Work request: Make an exact copy of all the data, pictures excluded.

Data below:
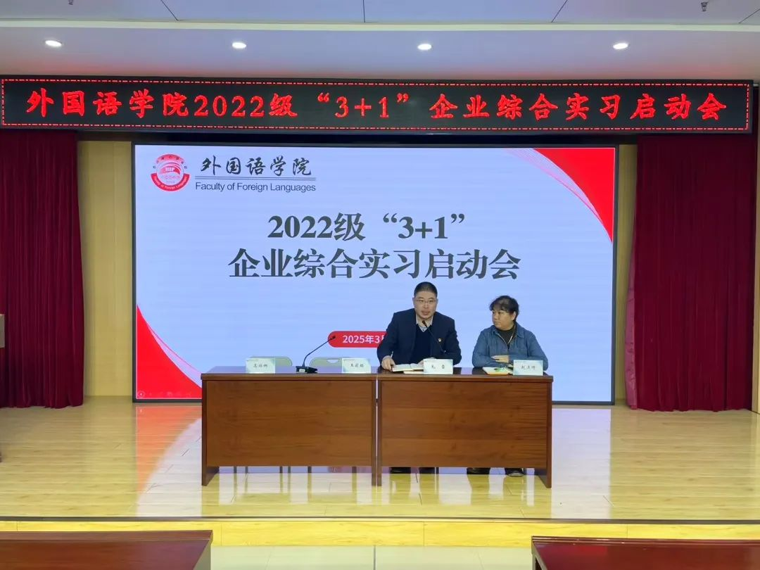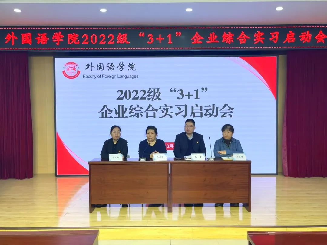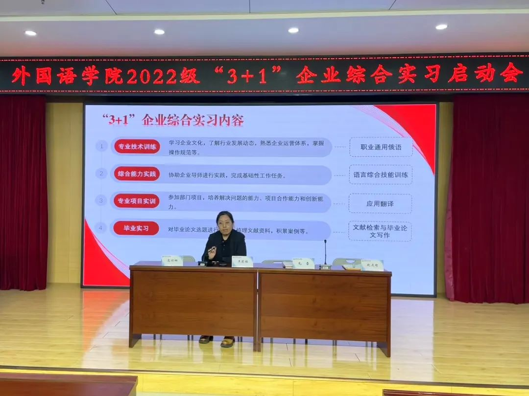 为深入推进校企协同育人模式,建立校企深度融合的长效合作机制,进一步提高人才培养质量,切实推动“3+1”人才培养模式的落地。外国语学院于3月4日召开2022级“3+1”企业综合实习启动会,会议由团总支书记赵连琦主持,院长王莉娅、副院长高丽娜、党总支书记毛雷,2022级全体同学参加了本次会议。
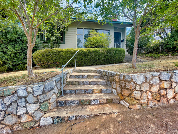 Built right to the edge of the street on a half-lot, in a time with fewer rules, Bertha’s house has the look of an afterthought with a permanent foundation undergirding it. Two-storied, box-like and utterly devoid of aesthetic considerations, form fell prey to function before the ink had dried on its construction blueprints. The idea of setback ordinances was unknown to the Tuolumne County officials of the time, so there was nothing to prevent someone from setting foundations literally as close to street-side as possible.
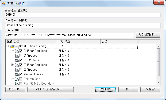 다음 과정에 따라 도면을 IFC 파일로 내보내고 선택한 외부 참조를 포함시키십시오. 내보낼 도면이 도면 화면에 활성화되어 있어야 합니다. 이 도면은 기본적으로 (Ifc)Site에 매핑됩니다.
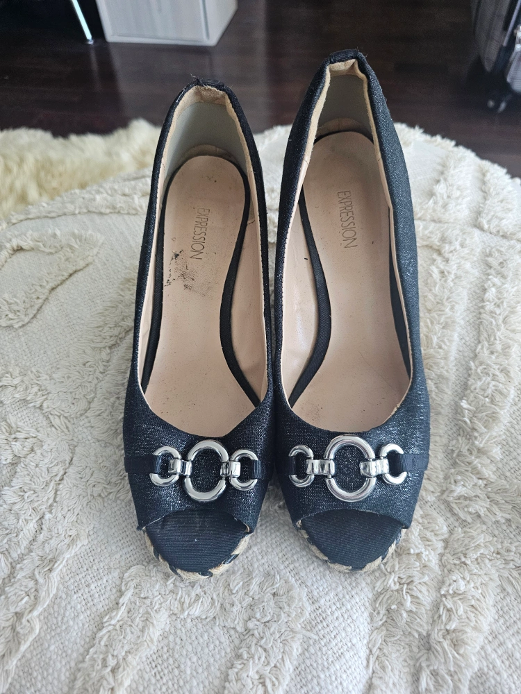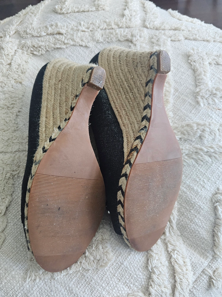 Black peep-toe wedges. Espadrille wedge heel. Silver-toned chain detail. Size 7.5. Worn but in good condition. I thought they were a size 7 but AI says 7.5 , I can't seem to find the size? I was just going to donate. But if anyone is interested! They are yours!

Reply:
 为深入推进校企协同育人模式,建立校企深度融合的长效合作机制,进一步提高人才培养质量,切实推动“3+1”人才培养模式的落地。外国语学院于3月4日召开2022级“3+1”企业综合实习启动会,会议由团总支书记赵连琦主持,院长王莉娅、副院长高丽娜、党总支书记毛雷,2022级全体同学参加了本次会议。
 Built right to the edge of the street on a half-lot, in a time with fewer rules, Bertha’s house has the look of an afterthought with a permanent foundation undergirding it. Two-storied, box-like and utterly devoid of aesthetic considerations, form fell prey to function before the ink had dried on its construction blueprints. The idea of setback ordinances was unknown to the Tuolumne County officials of the time, so there was nothing to prevent someone from setting foundations literally as close to street-side as possible.
 다음 과정에 따라 도면을 IFC 파일로 내보내고 선택한 외부 참조를 포함시키십시오. 내보낼 도면이 도면 화면에 활성화되어 있어야 합니다. 이 도면은 기본적으로 (Ifc)Site에 매핑됩니다.
 Black peep-toe wedges. Espadrille wedge heel. Silver-toned chain detail. Size 7.5. Worn but in good condition. I thought they were a size 7 but AI says 7.5 , I can't seem to find the size? I was just going to donate. But if anyone is interested! They are yours!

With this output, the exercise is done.